NEW YORK – Exscientia on Monday said the Belgium Federal Agency for Medicinal and Health Products has approved its clinical trial application to conduct a Phase I/II trial of its A2A receptor antagonist with anti-PD-1 therapy in patients with relapsed or refractory renal cell carcinoma and non-small cell lung cancer.

In the IGNITE-AI trial, Exscientia will evaluate the safety, efficacy, pharmacokinetics, and pharmacodynamics of EXS-21546 in up to 110 patients who have previously received an immune checkpoint inhibitor. Exscientia used a simulation-guided clinical trial design to establish the parameters of the trial's two stages.

In the first stage, a dose-escalation study, investigators will use a continuous reassessment model to determine the maximum tolerated dose in 30 patients across seven dose levels. The MTD will then be used in an expansion cohort of 80 patients in the second stage of the trial. In this stage, the Oxford, UK-based firm will generate efficacy evidence for EXS-21546 in combination with a PD-1 inhibitor and gather data to increase statistical confidence in its multi-gene signature, dubbed the adenosine burden score (ABS). Exscientia plans to use this ABS to enrich the patient population for the drug in development.
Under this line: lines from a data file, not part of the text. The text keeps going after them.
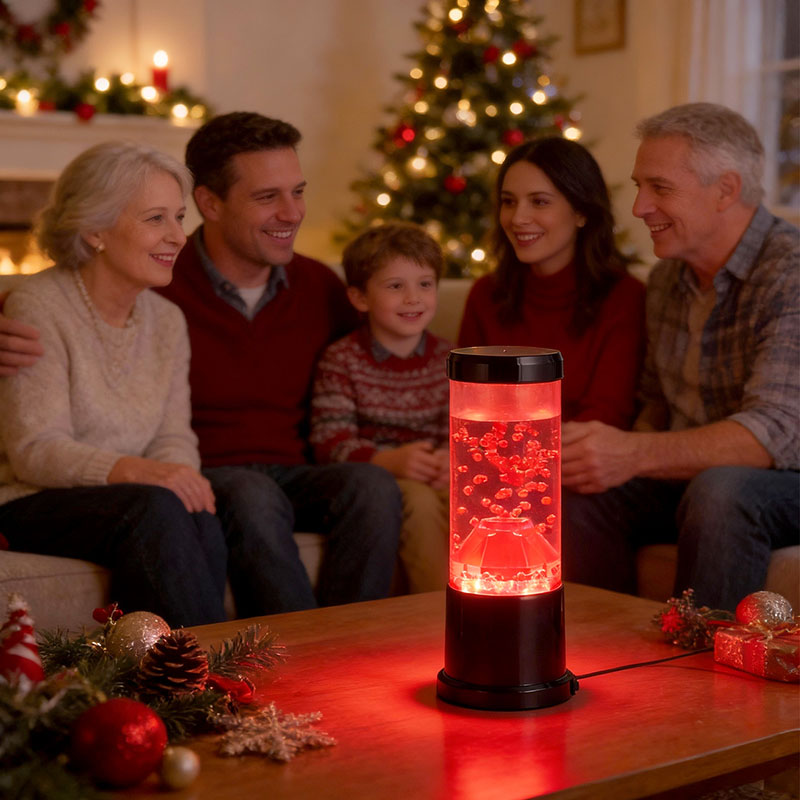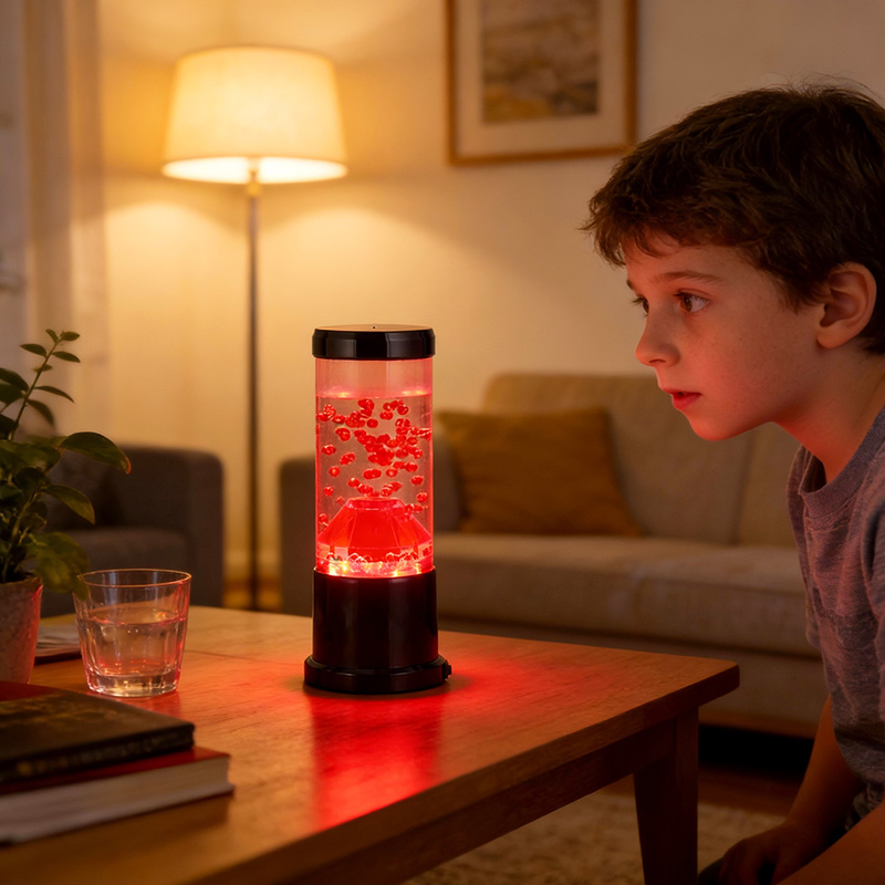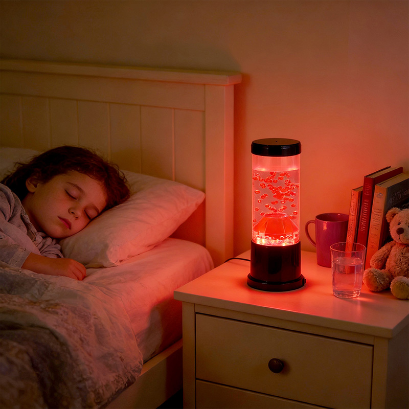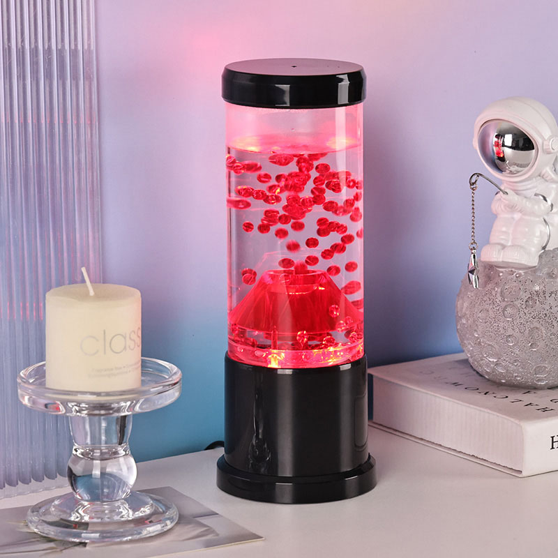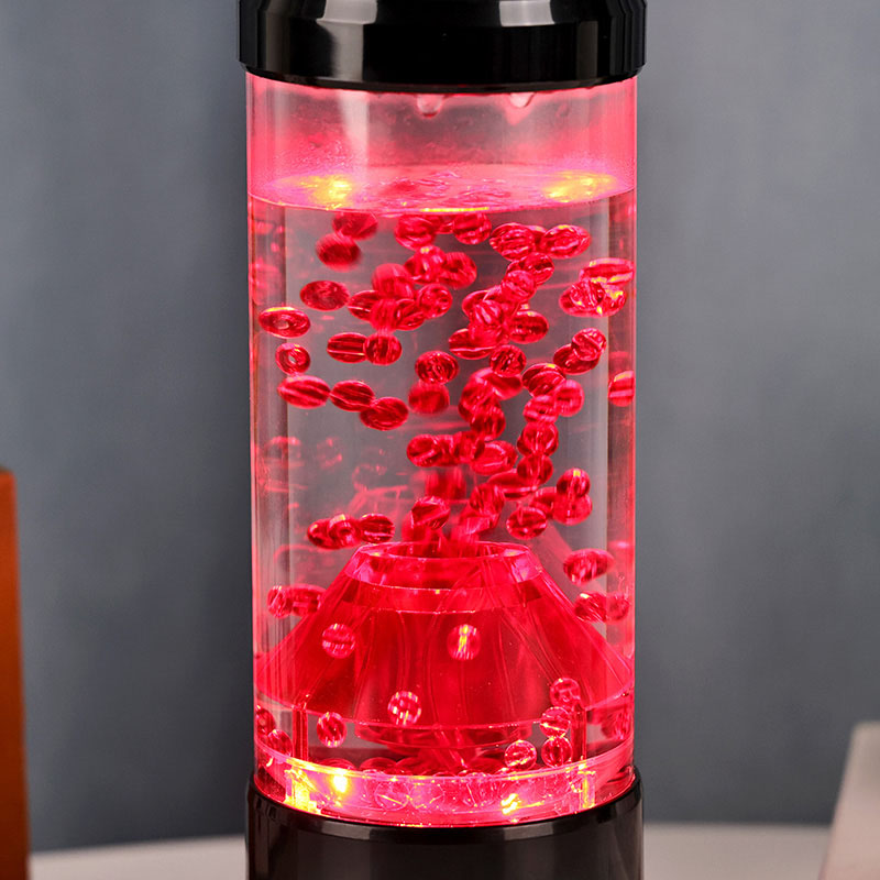 Ang gitnang bahagi ng ilaw sa gabi ay isang transparent na haligi na kahawig ng bunganga ng bulkan. Sa loob ng column na ito, makakakita ka ng makulay na pagpapakita ng mga pulang globo, na parang nilusaw na lava na dumadaloy sa loob ng crust ng lupa. Ang mga sphere na ito ay lumulutang nang maganda sa loob ng isang malinaw na likido, na lumilikha ng isang pabago-bago at pabago-bagong visual effect. Habang sumisikat ang liwanag, naglalabas ito ng mainit at nakakaakit na liwanag, perpekto para sa paglalagay ng maaliwalas na kapaligiran sa anumang silid.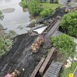 Of the nine cars in the creek, four are oil tankers while the other five are “buffer” cars used for safety.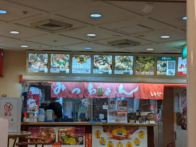 空港のフードコート内にあるお好み焼きのみっちゃん。みっちゃんにもいくつか系列があるようですがこちらは「いせや系」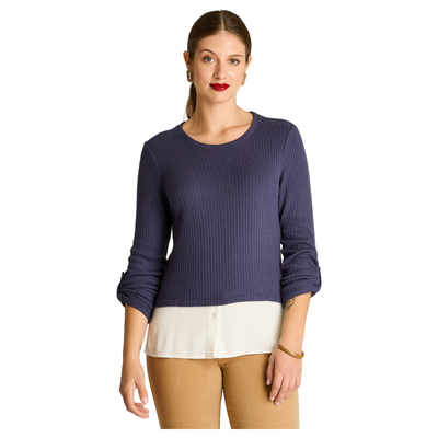 Polera de Lanilla Azul Manga Larga con Roll Up | Paris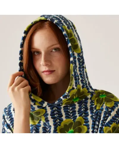 Női frotír köntös, 220 g/m2 100% poliészter frotir anyag, fix kapucni
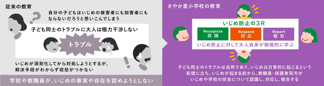いじめ防止の3Rプログラムとは、いじめの問題を大人の問題として捉え、未然に防ぐために大人が取るべき行動の「3R:Recognize(認識)、Respond(対応)、Report(報告)」を浸透させるべく、すべての教職員・保護者向けに提供されるプログラム。適切な対応を知らないがゆえに、いじめを放置してしまう大人を減らすためにも、「いじめは常に発生しうるもの。すべての教職員・保護者双方で普段から見守っていこう」という支援を呼びかけていきます。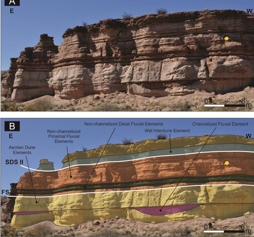 Los expertos en paleontología contaron con el aporte de la geología. Fueron los científicos Gonzalo Veiga, Joaquín Pérez Mayoral, María Lidia Sánchez y Soledad Gualde, quienes permitieron conocer que los 20 metros de depósitos rocosos representan tres etapas que muestran cómo se contraían y expandían los márgenes del viejo desierto Kokorkom como resultado de los cambios climáticos de la época. Las arenas depositadas, endurecidas, compactadas y petrificadas, se conocerían luego como Formación Candeleros.
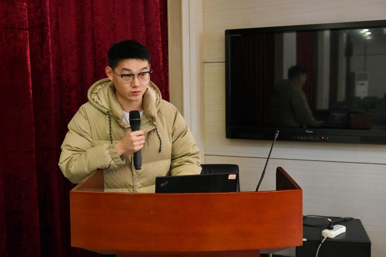 获奖学生代表王景晟同学进行发言,他对广西德福特科技有限公司表示诚挚的感谢,并结合自身情况表示了奖学金的激励作用;随后他表明了自身的决心:“材料学子当不负国家期待,争做学科一流人才,成就自己,奉献社会。”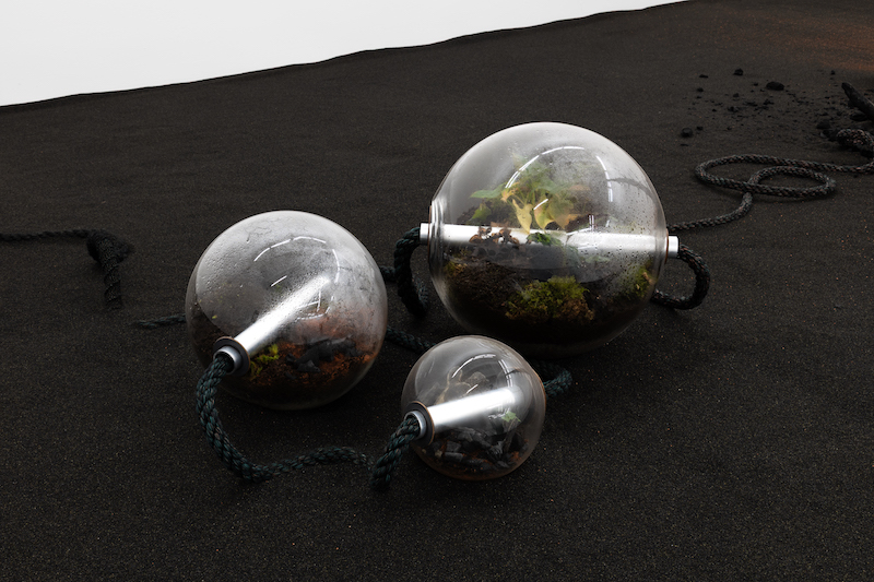 One of the most literal examples of these themes can be found on the first floor, with Nigerian artist Otobong Nkanga’s tableau of regeneration. On a stretch of soil with volcanic hues of charcoal grey and rusty brown, a burnt tree reaches up toward the sky, while a handful of self-sustaining terrariums rest on the ground. Here lies new life, ensconced in blown glass bubbles. Affixed to a nearby wall, Nkanga’s ‘Until Then’ (2023) offers a brief poem etched into a concrete slab: “While we stand, while we wait, while we watch, we can’t yet mourn …until then.” It’s a message as concise as it is timely, given today’s ecological collapse and political turmoil. “How can we find that space to mourn what has been lost, and to actually nurture and take care of these ecosystems that keep resisting,” Dati asks us during a discussion of Nkanga’s work.

EXS-21546 was developed with Exscientia's AI-based personalized medicine platform in partnership with Evotec. In June, Exscientia reported that in healthy volunteers the drug had the characteristics of its target profile, including potency, receptor selectivity, and low brain exposure with no central nervous system adverse events.

Exscientia hopes to explore the activity of EXS-21546 in other tumor types in future trials, including in breast cancer, with validated biomarkers for stratifying patients.